BEGIN Given information

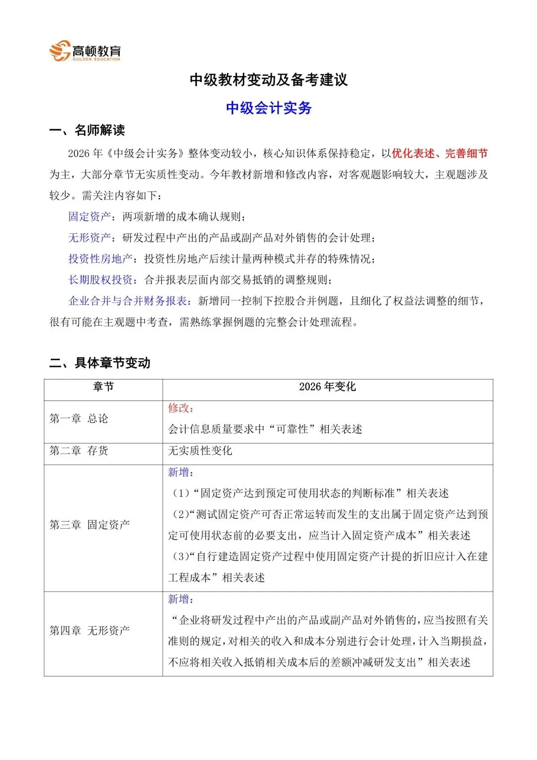 -1- 2026年中级会计教材3科变动解读 有增有减有改,速看! 终于等到啦!2026年中级教材来了,今年变化巨大,高顿教育专业老师紧急整理了中级三科教材变动解读,一起来看看! 一、《中级会计实务》整体变动分析
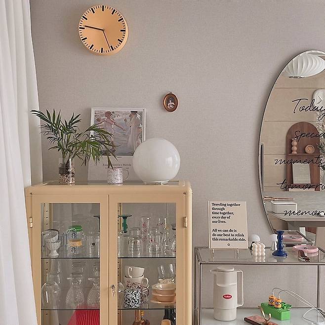 빈티지 조명과 벽난로, 노란 수납장 속 컵 컬렉션까지, 디테일 하나하나가 감각을 밀도 있게 채운다. 플라워 패턴의 커튼에서 풍기는 로맨틱한 결도 이 집만의 특별함이다.
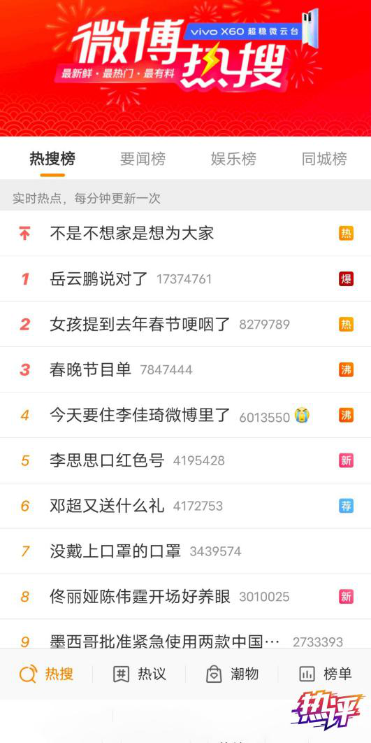 这不,除夕晚上八点准时登场的牛年春晚,开播还不到一个小时的时候,就有十多个相关话题前赴后继地冲上了热搜。在此后的几个小时里,“陪你看春晚”“春晚红口罩”“春晚节目单”“牛年春晚表情包大赛”“明天会更好 经典就是经典”“成龙是去劝架的吧”“王源都长大了月亮姐姐还没老”等春晚话题,一直都处于被热议的状态。
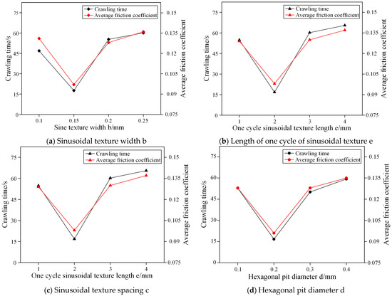 When b = 0.15 mm and d = 0.2 mm (as shown in Figure 4d), the crawling time initially decreases and then increases as the length of one cycle of the sinusoidal texture e and the sinusoidal texture spacing c increase. Similarly, when b = 0.15 mm and c = 1.5 mm (as depicted in Figure 4e), the trend is similar for increases in the length of one cycle of the sinusoidal texture e and the diameter of the hexagonal pits d.

END Given information

What is needed here is an exact transcript of the data above, pictures excluded.

Answer space:
 -1- 2026年中级会计教材3科变动解读 有增有减有改,速看! 终于等到啦!2026年中级教材来了,今年变化巨大,高顿教育专业老师紧急整理了中级三科教材变动解读,一起来看看! 一、《中级会计实务》整体变动分析
 빈티지 조명과 벽난로, 노란 수납장 속 컵 컬렉션까지, 디테일 하나하나가 감각을 밀도 있게 채운다. 플라워 패턴의 커튼에서 풍기는 로맨틱한 결도 이 집만의 특별함이다.
 这不,除夕晚上八点准时登场的牛年春晚,开播还不到一个小时的时候,就有十多个相关话题前赴后继地冲上了热搜。在此后的几个小时里,“陪你看春晚”“春晚红口罩”“春晚节目单”“牛年春晚表情包大赛”“明天会更好 经典就是经典”“成龙是去劝架的吧”“王源都长大了月亮姐姐还没老”等春晚话题,一直都处于被热议的状态。
 When b = 0.15 mm and d = 0.2 mm (as shown in Figure 4d), the crawling time initially decreases and then increases as the length of one cycle of the sinusoidal texture e and the sinusoidal texture spacing c increase. Similarly, when b = 0.15 mm and c = 1.5 mm (as depicted in Figure 4e), the trend is similar for increases in the length of one cycle of the sinusoidal texture e and the diameter of the hexagonal pits d.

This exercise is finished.